Все поглядели вверх.
— Правда, у вас лепнины немного. У меня, к примеру, нимфа смеется и маленькие такие дьяволята за нею, за нею…
Ада вдруг рассмеялась:
— Антон, налей шампанского. Все ужасно, мне все не нравится.
— Да что ты, в самом деле! — воскликнула Соня.
— Не нравится! — Ада залпом осушила бокал. — Не хочу пить за счастье, потому что его нет и не будет.
— Будет!
Соня тоже вспыхнула гневным румянцем; какие у обеих черные очи — глубокие, цыганские… «Она не ребенок!» — подумал Егор с восторгом и страхом; все молчали.
— Не смей так говорить!
— Счастье бывает только на минутку, ты не понимаешь, за все надо платить.
— Заплачу!

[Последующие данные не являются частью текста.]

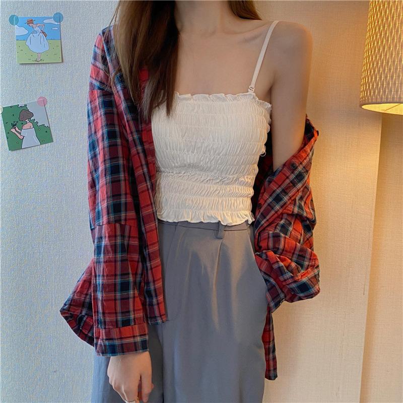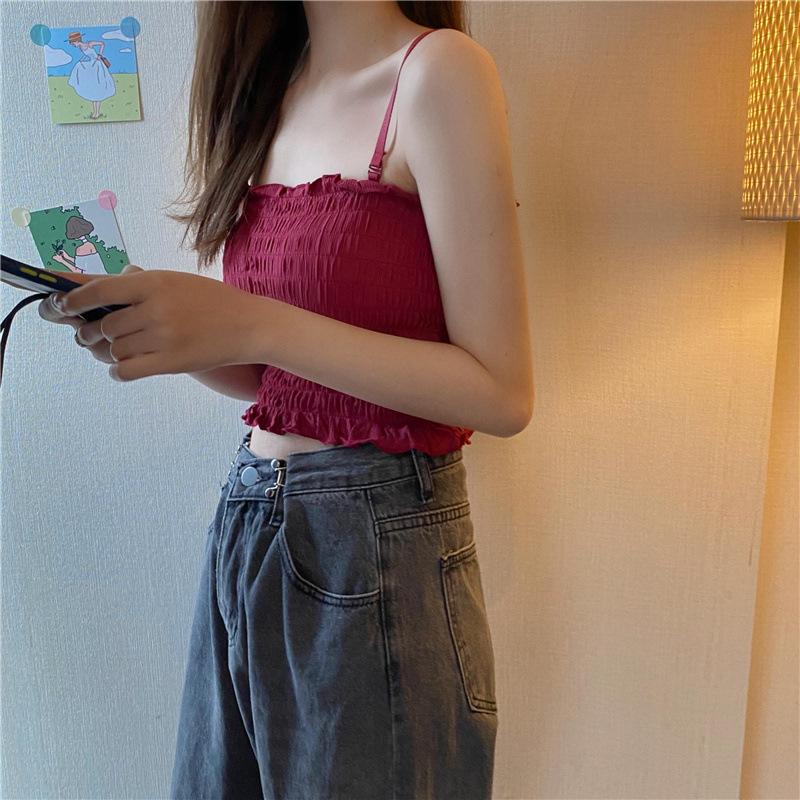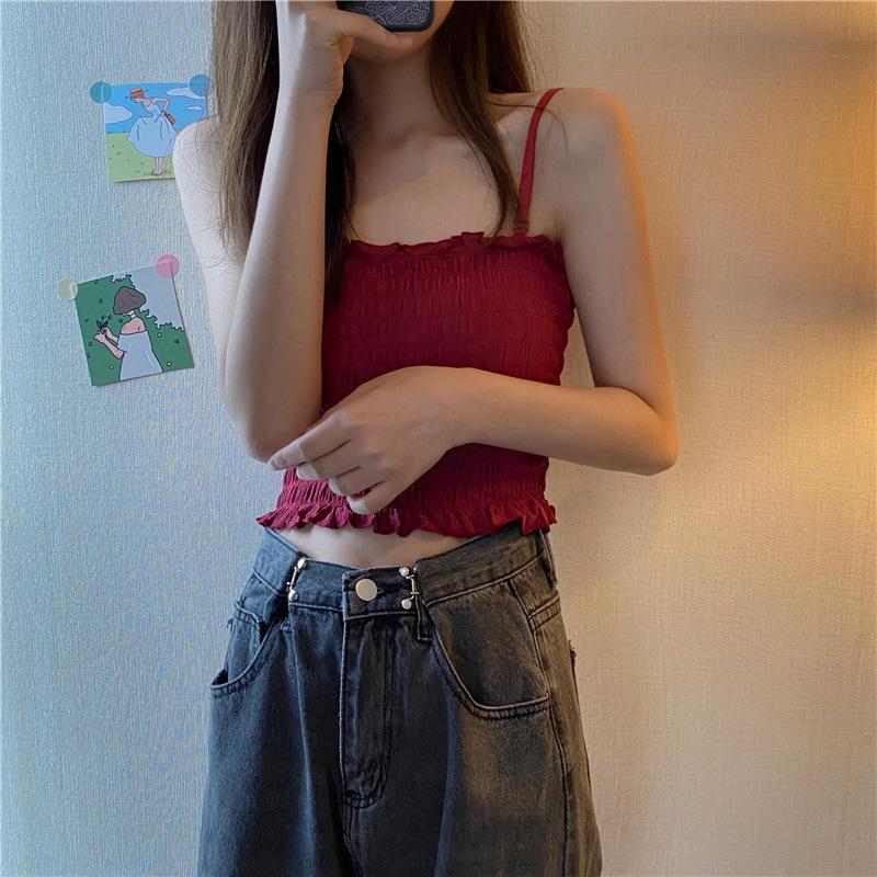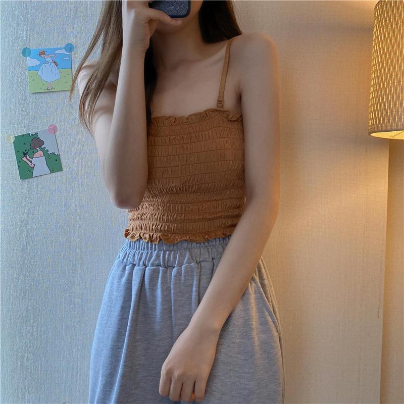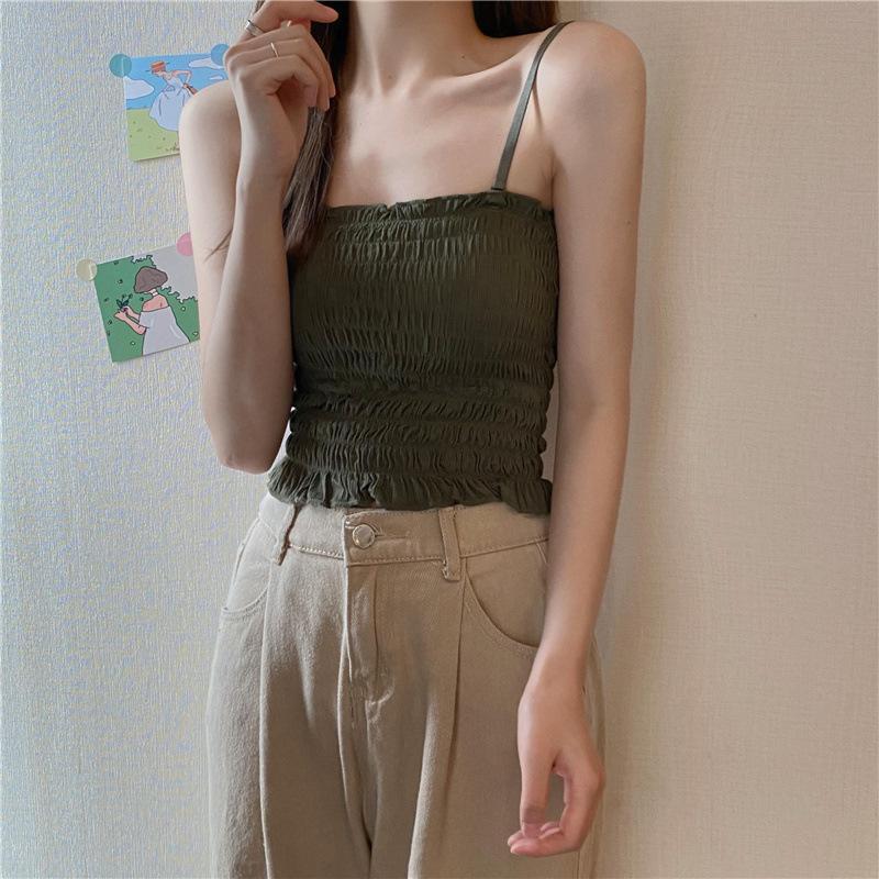 Estilo extranjero Plisado Hermoso Espalda Descubierta Tirantes Chaleco Cinturón Almohadilla para el Pecho Verano Sin Tirantes Camiseta Base Top Ropa Exterior Envoltura de Pecho Ropa Interior Estudiante Mujeres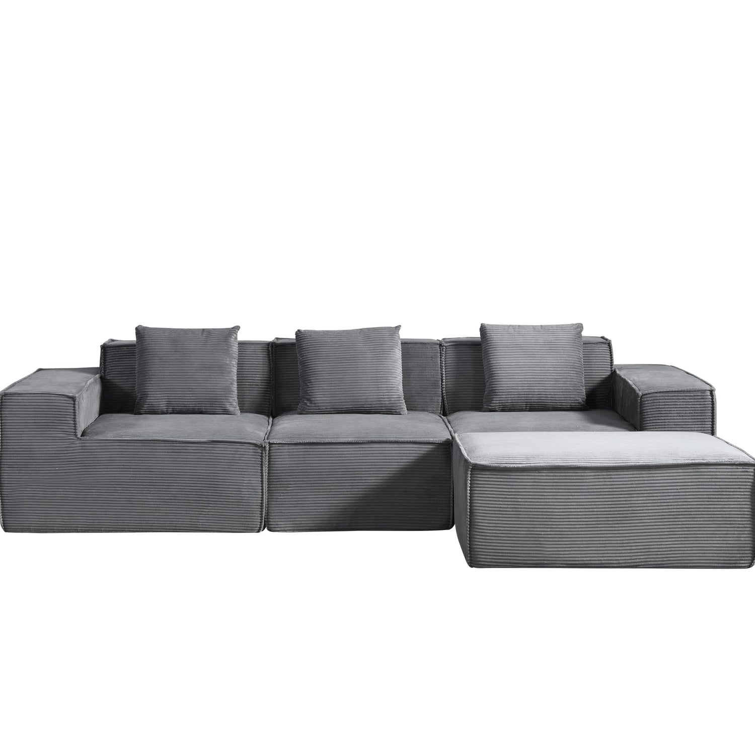 - STYLISH & FUNCTIONAL: A modern sectional couch with timeless corduroy fabric, available in Black, Dark Green, Dark Grey, Red Orange, Ginger Yellow, and Beige. The ottoman doubles as a chaise lounge, extra seat, or footrest to complete your living room setup.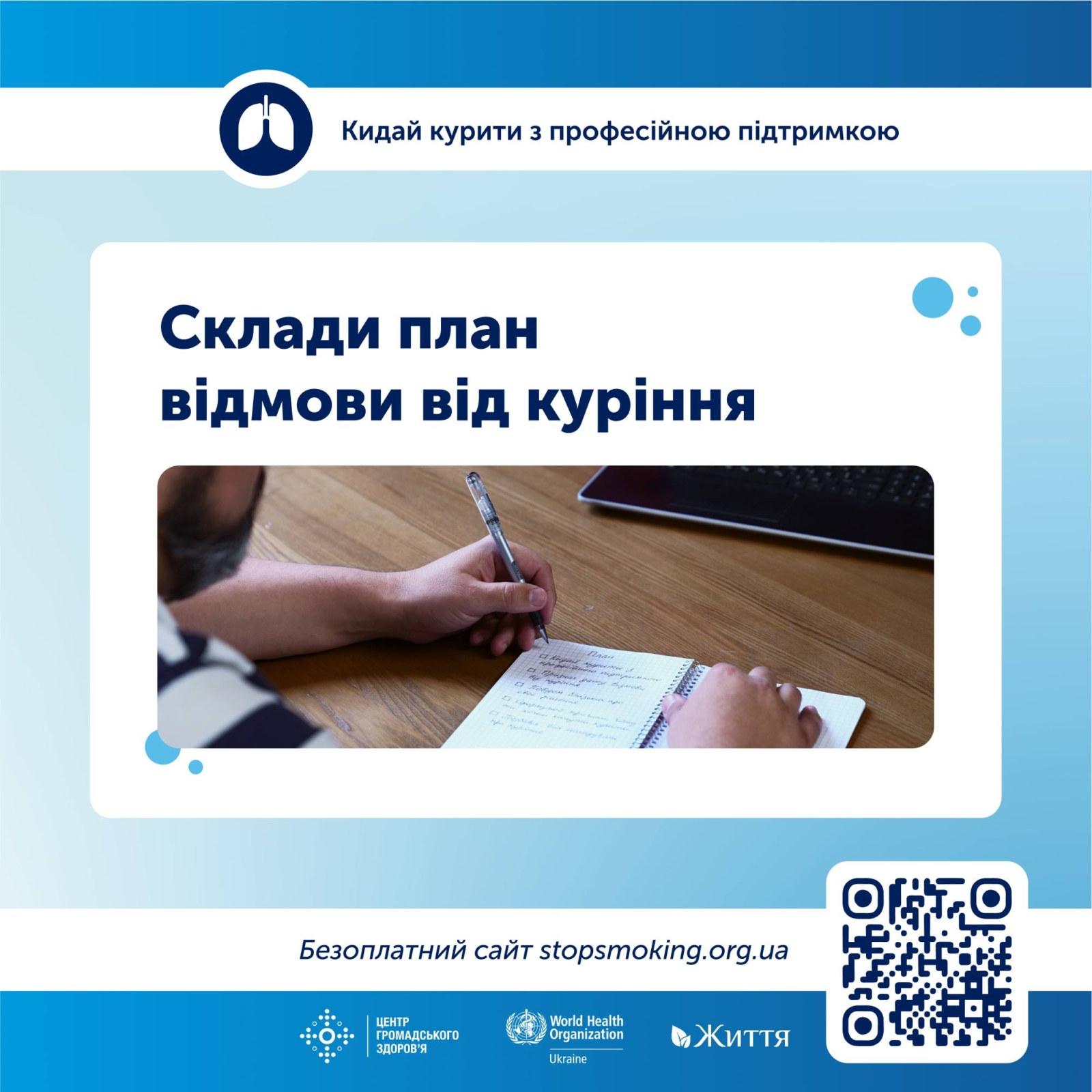 Шукай більше деталей, як скласти свій план відмови від куріння, тут: https://stopsmoking.org.ua/section/plan-pripinennia-kurinnia

Пусть минутка — но моя.
— Как вы мне все надоели. Не позволю.
— Ада, что с тобой? — холодно заговорил Герман Петрович. — Что ты не позволишь?
— Ничего не позволю, пока я жива.
Муж пожал плечами, все переглянулись, и тут, к своему собственному изумлению, Егор пошутил (идиотская шуточка эта потом вспоминалась и мучила):
— Что ж, Ада, тогда мне придется тебя убить.
А что касается гаданья, прав оказался Морг. Ничего толком не сбылось, так, незначительные мелочи, вполне согласующиеся с теорией вероятности: у Аленушки нечаянных интересов было более чем достаточно; психиатр заглушил семейную пустоту обширной практикой; однако ведьма не потревожила жизнь журналиста, и никто как будто не видел даже скаредной мужской слезы у клоуна; Антошу и Соню ожидала смерть, а любовь… любовь не ушла — но разве золотоносной, медовой, червонной оказалась она? Свою же карту цыганка никому не показала.
Ночью после помолвки (попросив накануне напарника подежурить за него до двенадцати) Егор сторожил маленький дворец в центре Москвы, в котором вальяжно располагался научно-исследовательский институт уголовного профиля (дворец правосудия, как называл его сам сторож). Ночь полубессонная, в полудреме мелькали красно-черные карточные пятна, стояло ее лицо, беспорядочные голоса звенели, мешались в ушах… Он вернулся домой утром, не лежалось, не сиделось, так не хватало Сони. «Что же это? — спрашивал он себя. — Наверное, я любил ее всегда, но не осознавал». Он знал, что она отправилась к сокурснице заниматься — в понедельник экзамен; Ада приводила в порядок квартиру после ремонта; несчастный муж продолжал пребывать в бегах, может быть, он и рассчитывал, что Ада предложит остаться, но она не предложила.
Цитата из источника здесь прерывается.